2. Use simulate_ecc_corrupt (See simulate_ecc_corrupt.c in attachments) to corrupt crc in inode node 3374. The flash_bad is created!
   ./simulate_ecc_corrupt
Comment 5 Zhihao Cheng 2020-02-21 13:47:05 UTC
Created attachment 287539 [details]
simulate_ecc_corrupt
Comment 6 Zhihao Cheng 2020-02-21 13:47:26 UTC
Created attachment 287541 [details]
flash.tar.gz
Comment 7 Zhihao Cheng 2020-02-21 13:48:09 UTC
Created attachment 287543 [details]
reproduce patch
Comment 8 Zhihao Cheng 2020-02-21 13:54:55 UTC
After applying fix patch, mount will return failure to prevent inode nodes being discarded. We can try other methods to recovery ubifs, at least, the important data are still exist on flash.
1. ./setup.sh
mount: /root/temp: mount(2) system call failed: Structure needs cleaning.

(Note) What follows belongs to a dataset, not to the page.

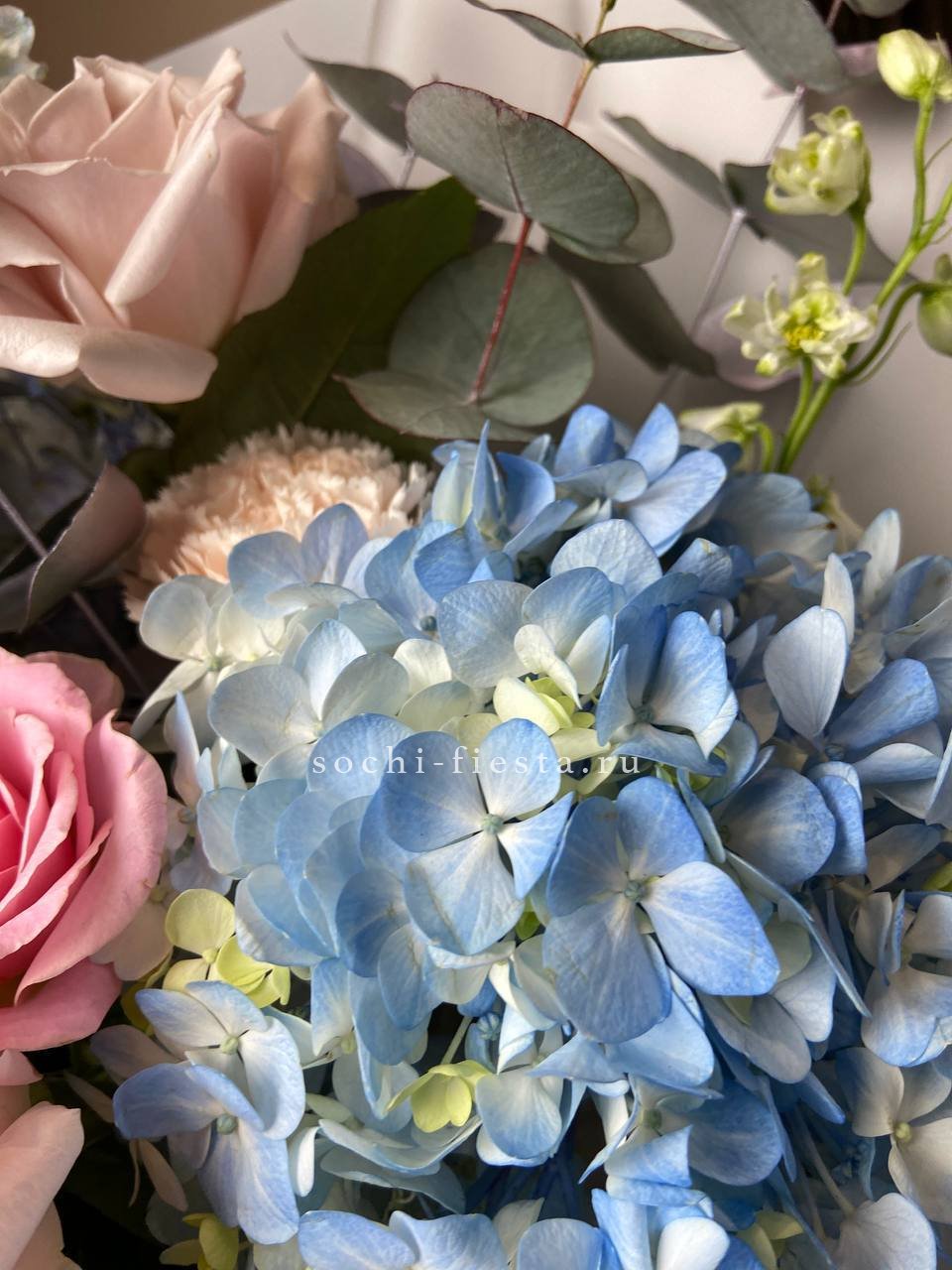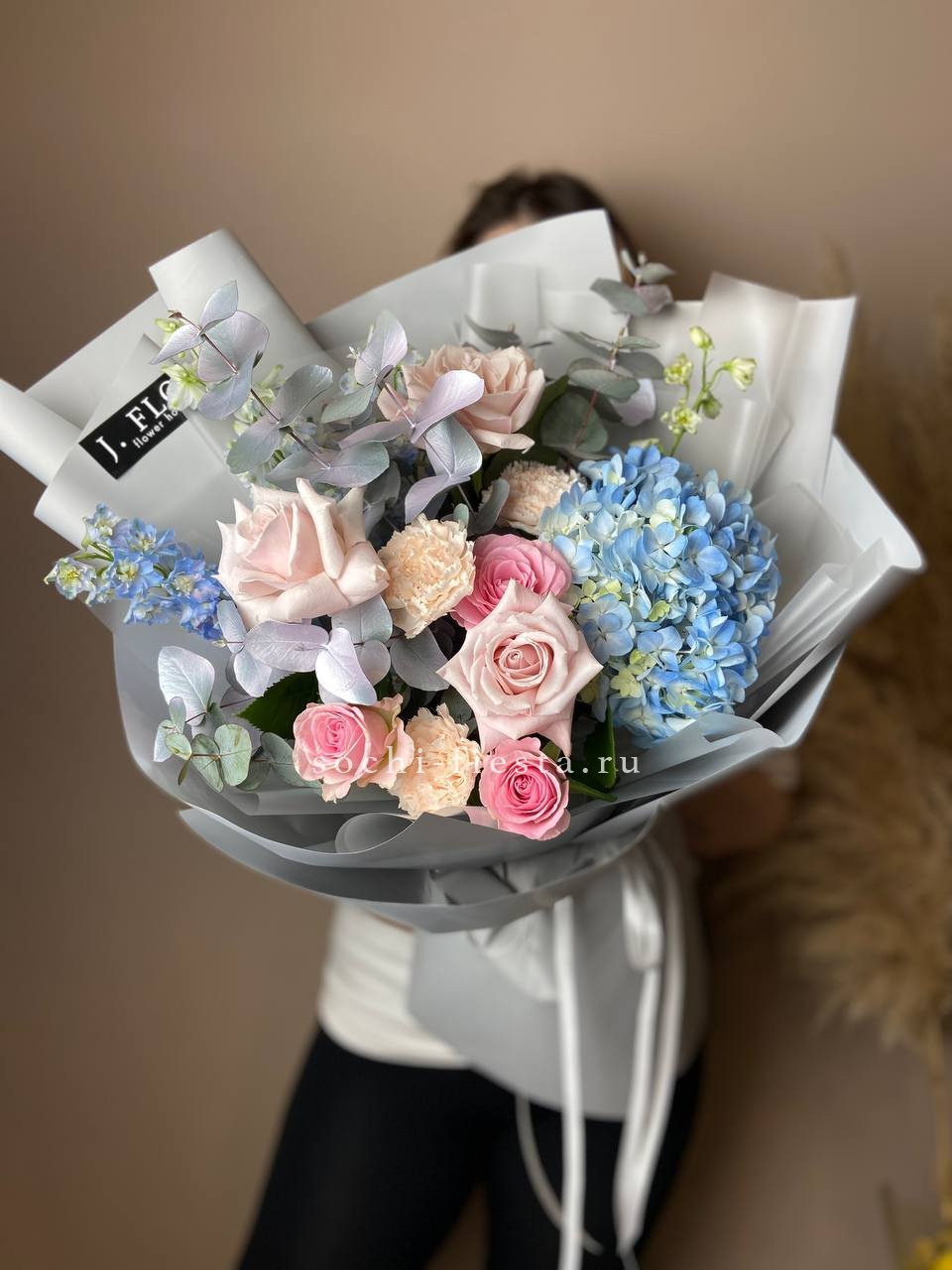гортензия, гербера, диантус, эустома, свит ревиваль, кустовая роза, эвкалипт, лента, корейская пленка.

[   39.360386] UBIFS error (ubi0:0 pid 7432): ubifs_scanned_corruption [ubifs]: corruption at LEB 42:55328
[   39.361942] UBIFS error (ubi0:0 pid 7432): ubifs_scanned_corruption [ubifs]: first 8192 bytes from LEB 42:55328
[   39.364157] UBIFS error (ubi0:0 pid 7432): ubifs_recover_leb [ubifs]: LEB 42 scanning failed, ecc error detected!